During the pandemic, on-site assessment of patients may be less frequent, which will lead to missing data. Moreover, potential differences in visit frequency before, during and after the pandemic may mean that patient data is not sampled at the usual intervals. Both of these issues could be addressed using existing ML methods. Missing data might be imputed using ML methods specifically designed to impute missing data in temporal data streams (Yoon et al. 2017, 2018; Yin and Cheung 2019). These methods make it possible to infer the patient state during the period in which on-site monitoring was less frequent. On this task, ML methods, using Multi-Dimensional Recurrent Neural Networks (Yoon et al. 2018c) and Generative Adversarial Imputation Nets (Yoon et al., 2018b), substantially out-perform previous methods, including Multiple Imputation by Chained Equations, Matrix Completion and Expectation Maximization on a variety of datasets (from the online UCI repository). All of these methods rely on the assumption that data is missing at random, i.e., that the reason data is missing is recorded in the data and unrelated to the patients’ unobserved state. This may or may not be a reasonable assumption in the context of the pandemic; for instance, variables that influence whether visits will be cancelled (such as local conditions and a patient’s risk-status) are likely to be recorded, but others (such as illness of a family member and difficulty in traveling) may not be. Moreover, this assumption may or may not conform to current regulatory guidelines. In either case, estimation will remain a problem if not enough information is available for imputation or prediction models (Akacha et al., 2020; Meyer et al., 2020) to be applicable Accessing these records may require integrating site-level operational data with patient data from the study. Other ML models are specifically designed for the analysis of irregularly sampled temporal data (Neil et al. 2016; Shukla and Marlin 2019; Alaa and van der Schaar 2017b).

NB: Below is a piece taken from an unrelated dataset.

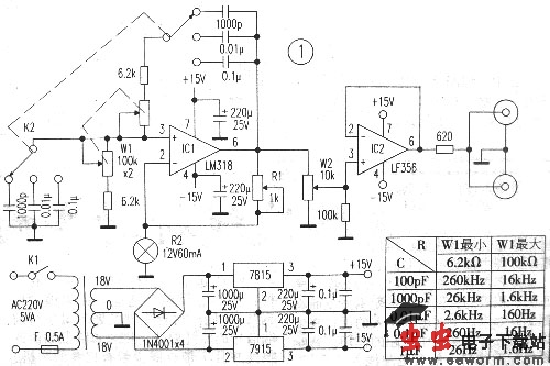 用作振荡器的运放,其振荡频率最好在运放频率参数的十分之一较为可靠。这里采用频带宽度达15MHz的单运放LM318,有条件的话可用八脚金封的,不过笔者采用的是双列直插(DIP)塑封的集成块。

As clinical trials continue throughout the pandemic, the validity of trial results may be compromised by the many differences between the periods before, during and after the pandemic (EMA 2020a). It is very likely that measures taken during the pandemic will alter the daily lives of trial subjects, the general standard of care they receive, the application of the treatment being tested and even the control. Such alterations might affect both the clinical outcomes and the effectiveness of treatments, and the effects of these alterations must be untangled from the treatment effects. This will require including variables that capture a subject’s individual history during the pandemic (especially changes in medical treatment, but also changes in diet, exercise, etc., if relevant) and using recent machine learning methods to estimate treatment effects. Because the true shape of the relationship between a subject’s pandemic history and treatment effects is completely unknown at this point, the inherent flexibility and data-driven nature of ML methods provide them an advantage over standard statistical approaches in this scenario.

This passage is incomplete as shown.